Multitasking was the key. She would listen to a podcast while washing up, catch up on phone calls when walking to an appointment: "It's not so much about having it all as not drowning." A rigid routine is unrealistic, she believes. You need to go with the flow, but you also need anchored points for a stable family life, such as Sunday lunch and, in her case, film night. Hobsbawm admits it helps that her husband works from home and "does the washing, the cooking and the cleaning", but she insists they share the parenting.

Does she have any tips for anyone struggling to get the balance right? "I put sleep central to my efforts at work-life balance," says Hobsbawm, echoing the results of a recent Harvard study estimating that sleep deprivation costs American companies $63?billion a year. "A third of our time should be spent sleeping, a third working, and a third being with your family, friends and having a life. If you aren't getting a third of each you have to ask yourself why not.

"The challenge is to not think of ourselves as being victims at the mercy of all these choices. It's about managing the choices. So you also have to ask yourself: 'Do I like what I do and do I have any power to change jobs if I don't?'"

This idea that you need to find a job that you like is as old as, well, Confucius. "Choose a job you love and you'll never have to work a day in your life," he said. While this may be harder to do than to say, there is no denying that some companies are more fun to work for than others. Indeed, in California's Silicon Valley there has been a "perks arms race" in recent years.
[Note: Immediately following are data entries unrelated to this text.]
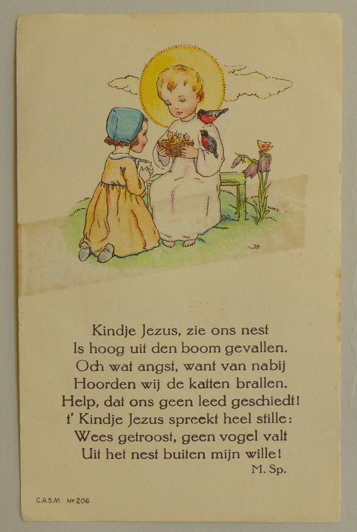 Kinderprent, nr. 206, met "Kindje Jezus, zie ons nest is hoog uit den boom gevallen ..."
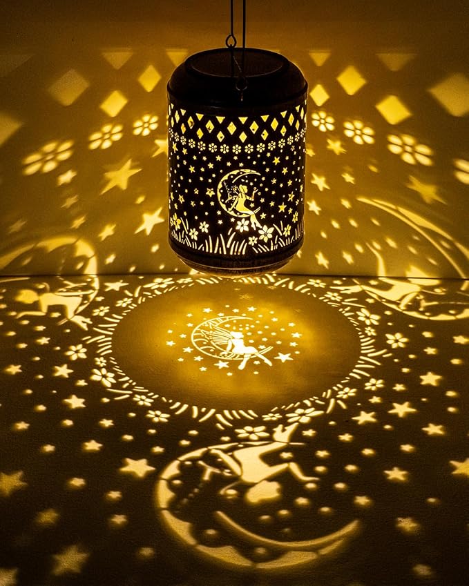- 【Elegant Garden&Fall Decor】Solar lantern features a stunning antique bronze finish.The intricate fairy cut-out design projects beautiful light patterns, creating a magical and enchanting ambiance. Perfect for garden,patios, yard,lawns, backyards, porch
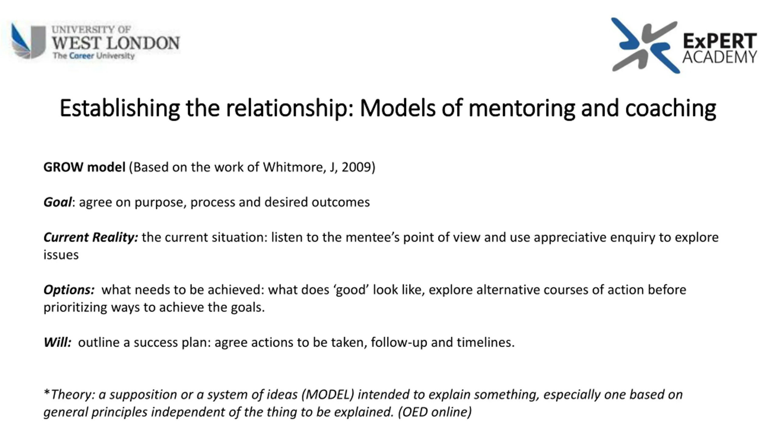 Establishing the relationship: Models of mentoring and coaching Establishing the relationship: Models of mentoring and coaching GROW model (Based on the work of Whitmore, J, 2009) Goal: agree on purpose, process and desired outcomes Current Reality: the current situation: listen to the mentee s point of view and use appreciative enquiry to explore issues Options: what needs to be achieved: what does good look like, explore alternative courses of action before prioritizing ways to achieve the goals. Will: outline a success plan: agree actions to be taken, follow-up and timelines. *Theory: a supposition or a system of ideas (MODEL) intended to explain something, especially one based on general principles independent of the thing to be explained. (OED online)
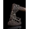 Hachette en fer forgé, repercé, ciselé et gravé. Décor composé d’un agencement de diverses fiures, masque de feuilles, animal au corps feuillagé, homme et femme, debout les jambes flchies ; tête ornée d’un côté d’une sirène à deux queues et d’un animal feuillagé de l’autre ; tranchant courbe. Manche en bois. Italie du sud, Naples ?, milieu du XVIIe siècle H 11,2 × L 7,6 cm L 34,2 cm (totale) (manche ancien rapporté) Cette rare hachette est un beau travail de ferronnerie. Le musée de l’Armée à Paris conserve dans ses collections un exemple comparable avec un fer orné du même type de personnage aux jambes flchies et monté avec un manche à système d’époque postérieure (Inv. K 73) (fi.).
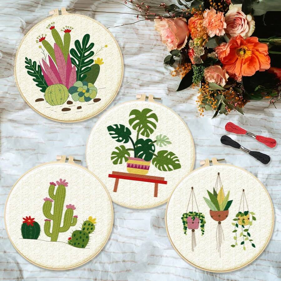 4pcs/Set Potted Plant Embroidery Kit Suitable For Beginners, Includes Cactus, Turtle Shell And Bamboo Patterns, With Printed Embroidery Cloth, Hoop, Thread, Needle And Instructions
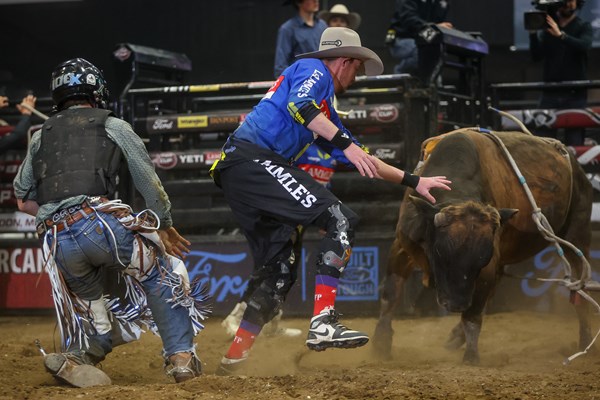This is a bull that’s been around for quite some time, we've seen him at the Finals. The guys love to get on him. He really blows in the air, should be around to the left into Weston’s hand. Has good timing, a little bit of suck back to him, but one that Weston's got to be happy to have drawn, one they win a lot of money, on when they win rounds on. He's always at the top of the picks. Look for Weston to capitalize here, an 86-87 to self himself up great for the rest of the event.

Twitter has a rooftop garden, Dropbox has inter-office scooters, Skype has a pool-and-foosball room, YouTube has an indoor slide and Google has a hair salon, volleyball courts and, er, goats that roam the campus to make it look less like a place of work. The idea is that keeping workers happy and healthy is also the best way to keep them productive.
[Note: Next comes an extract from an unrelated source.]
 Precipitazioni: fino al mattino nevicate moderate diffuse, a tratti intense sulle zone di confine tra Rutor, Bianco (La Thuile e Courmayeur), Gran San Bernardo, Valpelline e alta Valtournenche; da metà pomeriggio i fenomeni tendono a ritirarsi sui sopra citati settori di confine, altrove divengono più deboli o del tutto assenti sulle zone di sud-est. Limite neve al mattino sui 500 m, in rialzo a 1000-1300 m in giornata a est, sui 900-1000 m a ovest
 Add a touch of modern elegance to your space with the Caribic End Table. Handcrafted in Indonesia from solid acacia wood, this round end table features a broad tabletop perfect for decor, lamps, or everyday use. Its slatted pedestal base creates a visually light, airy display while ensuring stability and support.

But not everyone buys into this idea, if only because it assumes that all office workers must be sociable extroverts. Susan Cain, the author of Quiet: The Power of Introverts in a World That Can't Stop Talking, has warned that such "toys", as well as open-floor plans and an emphasis on spontaneous collaboration, prevent the kind of quiet thoughtfulness that introverts need in order to do their best work.
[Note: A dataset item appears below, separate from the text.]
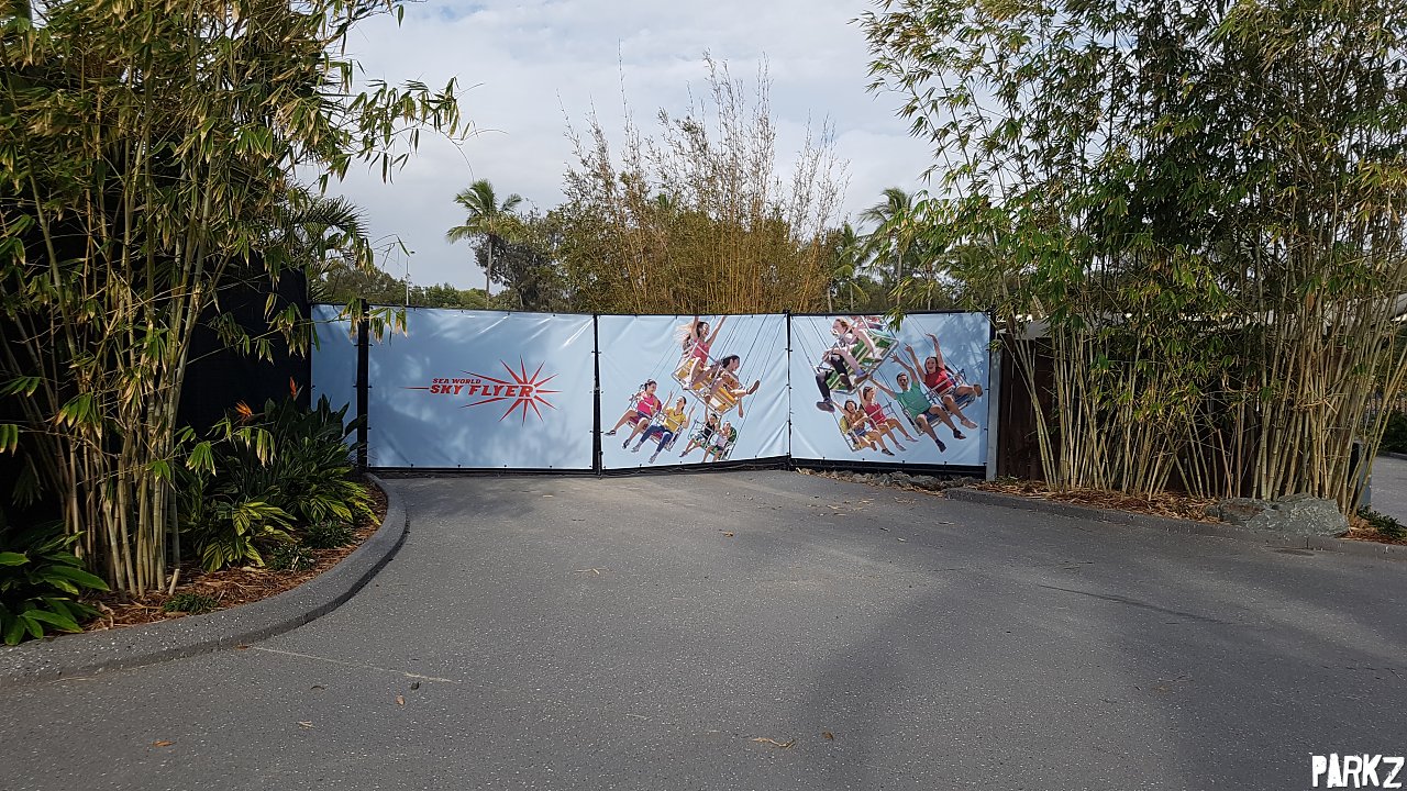 A bit of sky flyer branding on the path from Nickelodeon Land.

Nevertheless, there's a catchy phrase that goes with these examples of "enforced fun". Employees in progressive companies are being encouraged to "work smarter not harder". Research shows that so-called strategic renewal - including daytime workouts, short afternoon naps, and longer more frequent holidays - boosts productivity, job performance and health.

Facebook goes further in believing that it is now unrealistic to try and separate home life from work completely. One executive has come up with the term "work-life merge" to describe a life in which work and free time are no longer neatly compartmentalised but seamlessly jumbled up together. According to this model it is not a big deal to take two hours out of the working day for something personal, but also routine to spend the same time answering emails on a Sunday.

There are no shortage of horror stories about people who get the work-life balance wrong: the investment banker whose children wave "Goodnight Mummy" to the flickering light of the Canary Wharf tower; the Google employees ferried from home to office on "Google buses" with no time in between to spend their money; or the Silicon Valley billionaire who boasts about not having had a holiday for four years. But getting it right is far from straightforward.

Indeed, according to a report from the Center for American Progress some top-level professionals even view a 40-hour week as "part-time" work. The report adds that part-timers are often seen as "time deviants" or "slackers". Another consideration is that those workers who opt for flexitime need to take into account what reduced hours might mean for their pension benefits: working less now may result in having to work more later.

Nigel Marsh believes that the real problem is that "people spend long hard hours working in jobs they hate to buy things they don't need to impress people they don't like". He was the CEO of a successful advertising agency until he reached 40 and decided that, with four children under five, he had his priorities all wrong. He stopped drinking, took a year off work and now lives in Sydney earning a living writing books, giving talks and coaching executives about the work-life balance. "My belief is that you can have it all," he says, "you just can't have it all at the same time. You might decide that the way to happiness is not to have children but to become a high-powered hedge fund manager. If that's what makes you happy, go for it."

The main obstacle in the way of work-life balance, he reckons, is entrenched attitudes. "There's a group, nearly always men, who secretly enjoy the act of running out of dinner parties to deal with urgent calls, or having to rush home early from holiday."

And there's the rub. A recent survey by Prudential showed that a quarter of all retirees give up work reluctantly, partly because they still need the money, partly because, well, they simply enjoy their working life too much.

I have to say, I'm one of them. Regretfully, my children have grown used to the idea that my laptop is the sixth member of the family. My wife works too, as a headhunter for investment banks, and her BlackBerry is the seventh. We love our jobs. But it's also a school fees thing, this work-life choice we have made.

For the past two summers, I stayed at home working while my family went to Cornwall on holiday without me. But I've promised to join them this year; as Julia Hobsbawm says, it's not just a matter of making choices, it's also about managing them.